The Full Package: Like Madden, EA Sports shoehorns as much of its full console experience into this device as possible. You have a season, playoffs and a quick game mode at three levels of difficulty, for both AI and how fouls and penalties are called. At the easy level, backcourt violations, going out of bounds and three-second violations are nonexistent, and they give you breathing room to run your game without turning your learning process into nonstop punishment. In season mode you can go right up to 12 minute quarters and 82 games if your commute is that long. Trades and roster management are enabled, but the former is more like "move players as you wish," because there is no trade AI. (Hello, Dwight Howard-for-Nene trade!) Three-minute quarters for me produced enough results in the 30-40 point range to be satisfying.
Hated
Some Inconsistencies: My wi-fi access is on by default, and I was struggling with some bad framerate drops until I switched it off on a hunch. That seemed to help but there are still some inexplicable lags that make this finesse game feel a little clumsy.

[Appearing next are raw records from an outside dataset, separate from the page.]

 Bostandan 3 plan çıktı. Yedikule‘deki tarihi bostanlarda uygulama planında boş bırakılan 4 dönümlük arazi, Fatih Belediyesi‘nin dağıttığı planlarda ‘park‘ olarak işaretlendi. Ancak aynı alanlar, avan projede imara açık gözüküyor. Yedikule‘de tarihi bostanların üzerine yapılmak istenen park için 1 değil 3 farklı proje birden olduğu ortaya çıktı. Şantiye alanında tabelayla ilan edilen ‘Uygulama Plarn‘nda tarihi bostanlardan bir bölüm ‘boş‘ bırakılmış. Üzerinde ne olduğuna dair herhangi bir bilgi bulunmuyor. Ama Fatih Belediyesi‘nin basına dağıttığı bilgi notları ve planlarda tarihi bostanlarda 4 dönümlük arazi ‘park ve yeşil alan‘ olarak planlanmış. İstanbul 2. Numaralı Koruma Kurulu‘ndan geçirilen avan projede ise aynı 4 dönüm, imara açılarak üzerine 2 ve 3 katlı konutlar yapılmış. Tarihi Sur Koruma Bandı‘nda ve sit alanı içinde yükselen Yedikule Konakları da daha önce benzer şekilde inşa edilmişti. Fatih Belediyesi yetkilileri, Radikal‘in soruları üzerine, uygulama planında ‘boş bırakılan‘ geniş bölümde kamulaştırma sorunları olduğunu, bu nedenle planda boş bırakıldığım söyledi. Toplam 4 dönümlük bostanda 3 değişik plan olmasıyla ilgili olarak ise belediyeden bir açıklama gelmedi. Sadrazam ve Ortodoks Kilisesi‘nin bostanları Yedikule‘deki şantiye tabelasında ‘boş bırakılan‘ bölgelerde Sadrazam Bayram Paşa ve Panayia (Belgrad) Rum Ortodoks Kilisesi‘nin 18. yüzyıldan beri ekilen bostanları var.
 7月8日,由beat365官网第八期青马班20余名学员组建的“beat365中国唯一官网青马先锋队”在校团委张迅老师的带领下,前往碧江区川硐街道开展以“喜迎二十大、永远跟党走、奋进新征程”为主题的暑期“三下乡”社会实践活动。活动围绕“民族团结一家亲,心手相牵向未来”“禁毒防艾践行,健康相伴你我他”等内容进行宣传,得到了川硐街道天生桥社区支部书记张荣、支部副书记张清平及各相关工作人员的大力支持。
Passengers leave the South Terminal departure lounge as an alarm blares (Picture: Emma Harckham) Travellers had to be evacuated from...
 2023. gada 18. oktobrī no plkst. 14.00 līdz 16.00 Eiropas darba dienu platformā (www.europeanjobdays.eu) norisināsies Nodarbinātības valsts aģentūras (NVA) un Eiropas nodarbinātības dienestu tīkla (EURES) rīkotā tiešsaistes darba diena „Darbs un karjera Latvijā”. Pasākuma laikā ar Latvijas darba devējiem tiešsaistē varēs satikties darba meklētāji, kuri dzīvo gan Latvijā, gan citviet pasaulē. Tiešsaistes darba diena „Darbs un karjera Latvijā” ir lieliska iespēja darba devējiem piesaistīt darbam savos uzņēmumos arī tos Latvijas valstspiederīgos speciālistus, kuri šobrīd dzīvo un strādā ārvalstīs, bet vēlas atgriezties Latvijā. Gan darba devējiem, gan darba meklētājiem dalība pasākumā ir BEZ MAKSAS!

Although this is a device and not a game limitation, it feels very cramped playing on an NBA halfcourt with 10 guys on this size of a screen, from the broadcast angle. You can switch to a baseline view that magnifies things but I found the constant camera zooming and movement to be a little dizzying. Contesting shots and going for rebounds, especially in traffic, left me wondering whether I'd grabbed the miss or recovered the ball after a block. Marv Albert's commentary isn't helpful in telling me, either, as misses are either "Comes up short!" or "Off the mark!" or "Rejected emphatically!" His presence lends authenticity but is very, very repetitive. And finally, there were some puzzling AI sequences at the lower difficulties, especially in the final possessions of a quarter, where the opposing team would do things like pass the ball between two guys, repeatedly, or hold the ball until a 24-second violation sounded the horn.
NBA Live has enough of a learning curve, and a large enough price, to be a serious purchase and not an impulse buy. Those who enjoy video game basketball can pick it up easy enough. But you should have a lot of time or desire to play it on your mobile for you to see value in the title, because it requires exploration. It's clear NBA Live on the iPhone is also meant as an entry product to get you to think about its larger sibling. Ultimately, it succeeds, and does so without resorting to fun-size cop-outs like three-on-three, or dumbed-down controls.
NBA Live by EA Sports was developed by EA Mobile published by Electronic Arts for the iPhone and iPod Touch on Oct. 23. Retails for $9.99 USD. A copy of the game was given to us by the publisher for reviewing purposes. Played all game types and difficulties.)